Transcriptomic analysis revealed the effect of IκBα deficiency on RelA signaling. (A) Schemic diagram of IκBα knockout strategy via CRISPR/Cas9 in human ESCs. A neomycin-resistant cassette (Neo) was included for positive selection. (B) Genomic PCR verification of the deletion of IκBα exon 1 in IκBα−/− ESCs. Water was used as a negative control (NC). (C) Western blot analysis showing IκBα protein levels in WT and IκBα−/− ESCs. β-Actin was used as a loading control. (D) Transcriptional signal of IκBα in WT and IκBα−/− in VECs, VSMCs and MSCs. Transcriptional signals were normalized by RPKM at bin size 10 bp. (E) Venn diagrams showing the overlap between upregulated genes in IκBα−/− vascular cells and downregulated genes in RelA−/− vascular cells compared to WT vascular cells under basal condition. (F) Heatmaps revealing the transcriptional patterns of genes upregulated only in IκBα−/− vascular cells (pink), downregulated only in RelA−/− vascular cells (green), and genes overlapped (blue) under basal condition. (G) Venn diagrams showing the overalp between upregulated genes in IκBα−/− vascular cells and downregulated genes in RelA−/− vascular cells compared to WT vascular cells upon TNFα treatment. (H) Heatmaps revealing the transcriptional patterns of genes upregulated only in IκBα−/− vascular cells (pink), downregulated only in RelA−/− vascular cells (green) and genes overlapped (blue) upon TNFα treatment. (I) Immunostaining of RelA in WT and IκBα−/− MSCs under basal and TNFα-treated conditions. DNA was labeled by Hoechst 33342. Scale bar, 10 μm
To understand how IκBα regulates the homeostasis of different vascular cells, we performed genome-wide RNA-seq in WT and IκBα−/− VECs, VSMCs, and MSCs under basal and TNFα-induced conditions (Fig. S2A). IκBα deficiency resulted in 79, 78 and 99 genes upregulated, and 104, 97, 90 genes downregulated in untreated VECs, VSMCs, and MSCs, respectively (Fig. S2B). Venn diagram and GO enrichment analysis revealed that IκBα regulated gene expression in a cell type-specific manner (Fig. S2B–E). To further determine whether RelA modulates gene expression dependently of IκBα, we compared the upregulated genes in IκBα−/− vascular cells with the downregulated genes in RelA−/− vascular cells. Only a small fraction of genes were overlapped in each of the three vascular cell types (Fig. 10E–H), regardless of the absence or presence of TNFα. Consistently, we did not observe marked differences in the subcellular localization of RelA in IκBα-depleted cells (Fig. 10I). These data suggest that IκBα acted largely independent of RelA in various human vascular cells.
Discussion
In this study, we generated RelA-deficient human ESCs using CRISPR/Cas9-mediated genome editing and differentiated them into different types of vascular cells to investigate how NF-κB/RelA regulates human vascular cells under basal and inflammatory conditions. Via genome-wide RNA sequencing analysis, we mapped the NF-κB-regulated transcriptomic landscapes to systematically understand the physiological roles of RelA in various vascular cells. Our findings suggest that RelA modulated vascular cells in a cell type-specific manner by affecting multiple aspects of cellular events including extracellular matrix organization, ossification, vasculogenesis, inflammatory response, proliferation and survival. In addition, our data indicate that IκBα regulated gene expression in vascular cells primarily in a RelA-independent manner (Fig. 11).

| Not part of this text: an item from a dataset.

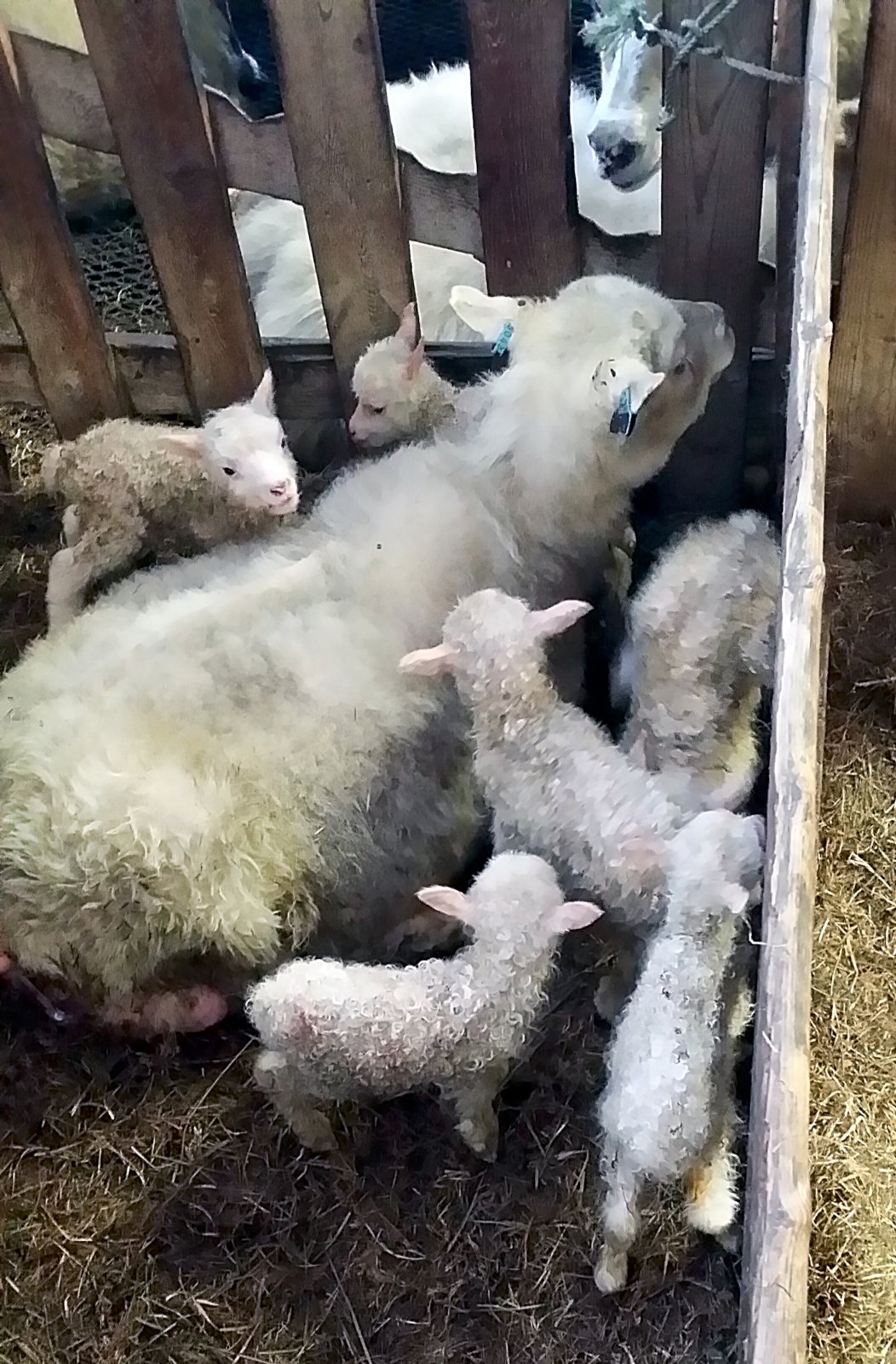 Ærin Sarabía í Húsavík á Ströndum bar sex sprækum lömbum

A proposed model showing a guardian role of RelA in maintaining human vascular cell homeostasis. (A) Under basal condition, NF-κB/RelA inhibits the proliferation of vascular endothelial cells (VECs) and promotes the self-renewal of mesenchymal stem cells (MSCs) that are the crucial cell type of the adventitia layer. NF-κB/RelA also maintains the multi-differentiation potentials of MSCs. Upon TNFα treatment, RelA mediates vascular inflammation and protects vascular cells from apoptosis. This model suggests a guardian role of RelA in maintaining human blood vessel homeostasis. Notably, IκBα appears to modulate vascular gene expression predominantly in a RelA-independent manner under basal and inflammatory conditions
The correlation between NF-κB activation and vascular dysfunction have attracted great attention during the last decades. For instance, the nuclear translocation of RelA has frequently been observed in human atherosclerotic lesion vascular cells (Brand et al., 1996; Mallavia et al., 2013). In ApoE−/− mice the activation of NF-κB signaling pathway in endothelial cells and smooth muscle cells is accompanied with enhanced secretion of inflammatory factors and increased atherosclerotic lesions (Gareus et al., 2008; Mallavia et al., 2013). In addition, TNFα-induced NF-κB activation impairs cell proliferation and causes premature senescence in HUVECs (Khan et al., 2017); knockdown of RelA promotes cell proliferation and reduces apoptosis in high glucose-treated HUVECs (Chen et al., 2011a). Yet, the role of NF-κB in different human vascular cells has not been well studied via a side-by-side comparison.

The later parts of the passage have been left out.